10 Imperative Digital Marketing Lessons

Recently I had the privilege of undertaking the Certificate course in Mastering Digital Marketing through London Business School. The course covered a variety of digital topics including (but not limited to) Mobile App Marketing, Search Engine Optimisation (SEO), Personalisation Marketing and Loyalty Marketing.

The tips that follow comprise top 10 things I learnt about digital marketing. Hopefully, these tips will inspire some creative conversations within your marketing team.

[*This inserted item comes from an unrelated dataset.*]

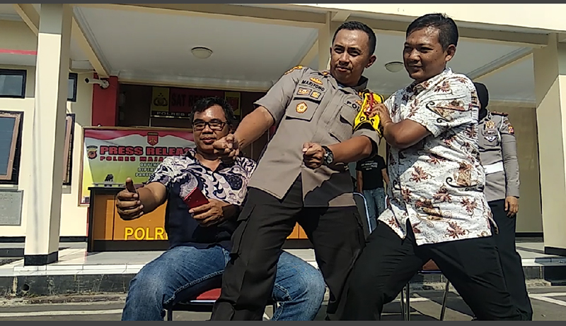 Peragaan tersebut ia lakukan saat konferensi pers dengan awak media di kantor Satreskrim Polres Majalengka, Jumat (21/6/2019).

  1. Do not underrate the reach and power of influencers.
    Essentially, social media influencers can be separated into three main categories:
    Mega: Movie Stars, Sports Stars, CEO’s etc. (Over 1,000,000 followers), Macro: Models, Lifestyle bloggers etc. (between 100,000 to 1,000,000 followers) and Micro: People with niche/highly engaged followings (between 1000 to 100,000 followers). In a simulation exercise, I worked with both Macro and Micro influencers and was very surprised to find that two influencer posts across a range of platforms yielded the same, if not better, return on investment than a weeks’ worth of my paid social media simulations.
  2. In using influencer marketing, be clear about your expectations.
    ‘Influencer marketing’ might not be the best fit for every product or brand, and negotiations can sometimes be frustrating, but it is a paid form of digital marketing that can yield significant results. However, preliminary research is vital. Ask influencers for a copy of their ‘media kit’ and be clear about the content you want. Ensure you have a watertight engagement letter prior to engagement. If you don’t have the resources or time to research influencers, consider joining influencer job ‘hubs’ such as REP which enables brands and influencers to connect and collaborate.
  3. Explore the potential for ‘snagging’ customers.
    To ‘snag’ a passer-by means putting your brand or product in front of different audiences using digital marketing mechanisms including algorithmic processes (Search Engine Optimisation), sponsored (paid) search, and banner advertising on popular websites, to name a few. The objective is to ‘snag’ a customer’s interest, to entice them to click on your advert and ultimately convert that interest into sales.
  4. Your pay per click advertising must be catchy, creative and deliver cut through.
    Pay per click advertising works, mostly via search engines, with advertisers paying a fee each time their advert is clicked on. As obvious as this sounds, too many brands go unnoticed and fail to cut through the clutter with poorly conceived and boring wording/content. Take the time to research current ‘buzz’ words and synonyms which will create ‘catchy’ sentences and unique word plays.
  5. Experiment and test market using Amazon.
    If your company or brand has yet to sell online (and even if you’re not sure if there actually is an online market for your products), creating a seller’s portal via online sales giant Amazon or a platform similar is a reasonably economical and effective way to test whether a market exists for your product.
  6. Online selling can be effectively used in a business to business (B2B) environment.
    Online selling is becoming more popular and therefore competitive. Finding ways to sell business-to-business through online platforms will help you place your product in front of an entirely new audience, and if done well, can help create new leads, diversify you brand offering, generate creative conversations with marketing departments/business development teams, and result in a significant additional revenue stream.
  7. Create exceptional value for your customers and consistently seek feedback to ensure you are delivering.
    While one online sale is satisfying, regardless of the platform, the content you produce must keep customers coming back for you to achieve repeat sales and increased brand advocacy – especially through word of mouth (or ‘word of mouse’). Whether it is by posting more blog content, through online videos or by implementing a loyalty program, you must continually evolve your content and create value to keep your customers engaged and talking about your brand.
  8. Do not ignore user generated content as a powerful digital tool.
    Give and you shall receive. Invariably, engaged/satisfied customers will be inclined to endorse your products and services, taking imagery from posts, or writing reviews and testimonials and then posting those to their personal channels. User Generated Content (UGC) is marketing gold, as you can (with appropriate permission from the content owner) re-post this content to your own channels to good effect.
  9. Conduct a bi-annual audit of your digital channels.
    Nowadays, consumers can take their time researching and comparing products – and with mobile apps that do this, it’s easier than ever for customers to make informed decisions about the products they are considering. The flip side is that this wealth of information, can cause consumers to be ruthless and if brands or products do not contain the right information or reviews are largely negative, consumers can easily look for the next available option, often regardless of the price. You must diligently conduct a bi-annual audit of your digital channels to ensure information and messages about your product are ‘on song’.
  10. Apply online learning to the training of your people.
    The short video, modular style of the London Business School’ program made studying part time very convenient and comparatively easy. Studying online and being able to connect with the course material at any time of the day gives you a greater sense of freedom compared to traditional teaching methods. My experience suggests to me that every organisation/business should think about implementing such an approach into their professional development strategies for staff.